CUDA v4.1 substantially slower than v4.0

Tried different cards and configurations (Quadro 2000, GTX 580, GTX 580x2, GTX 580x4, GTX 480x4).
Driver 286.16

Same project, source code didn’t change, preferences didn’t change.

The one, i’ve builded with v4.0 toolkit (April 2011) works more then 2.5 faster compare to project builded with the latest v4.1 toolkit.

Any reasonable explanation for this ? What do i miss ? Some new compiler switch or something like that maybe…

Yes. nvcc uses llvm for fermi+ cards for cuda 4.0

I knew it. But nvidia promised 10% faster code, not twice slower.

What can I do about it, besides using an old toolkit ?

If you are using “volatile”, remove them.

File a bug with a small repro so the compiler team can understand the cause of the regression.

Is it possible that we get a choice which compiler to use?

I have the same problem. Speed with Runtime 4.1 is 3x slower then in last version of Runtime. GPU M540, driver 286.16. What can I do about it, besides using an old toolkit ?

Have you checked the 4.1 kernel reaches the same occupancy? Chances are 4.1 uses more registers per kernel. A [font=“Courier New”]launch_bounds[/font] directive to tell the compiler about the intended execution configuration would fix this. Check appendix B.18 of the Programming Guide.

Yes, i`ve tried different combinations of launch_bounds. No effect

As mfatica mentioned, please remove any and all uses of volatile that are not strictly needed for correctness (in particular any uses of volatile intended to manipulate register pressure with older versions of CUDA).

Are you able to narrow down why the app is running more slowly? In particular it would be useful to determine whether it is a code generation issue (e.g. much increased register pressure causing spilling) or a driver-related issue. Does the app behave functionally correct? I assume you have verified that the installation of CUDA 4.1 and the matching driver was successful?

If everything points to CUDA 4.1 as the cause for the app’s slowdown, I would suggest filing a bug (there is a link on the registered developer website for that). Please attach a self-contained repro case that demonstrates the problem. Thanks.

We run into similar problem in our QCD codes. The ispection of assembler output shows that CUDA 4.0 produces LD.E.128 instructions for loading the double precision complex number while cuda 4.1 produces twice as many LD.E.64 instructions.
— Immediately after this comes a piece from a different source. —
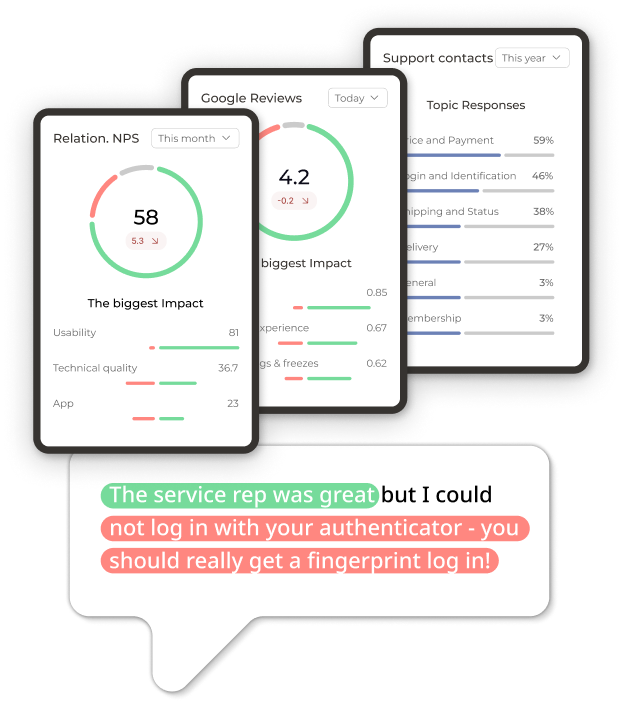 Go beyond metrics like NPS, CSAT, CES and eNPS by analysing open text feedback and experience data to uncover the themes and drivers behind your scores.

Similar behaviour and a workaround was posted in some recent thread.

There have been reports of vectorization issues (i.e. the lack of vectorization) with CUDA 4.1. To ensure that all instances of regression can be looked into by the compiler team, I would encourage you to file a bug, attaching self-contained repro code.

There are indications that vectorization sometimes does not occur because the compiler diagnoses possible aliasing. Based on that, adding the restrict qualifier to all pointer arguments in a function may improve the situation. This requires that all objects pointed to are indeed not aliased, in particular not identical or overlapping. Please refer to section B.2.4 of the CUDA C Programming Guide.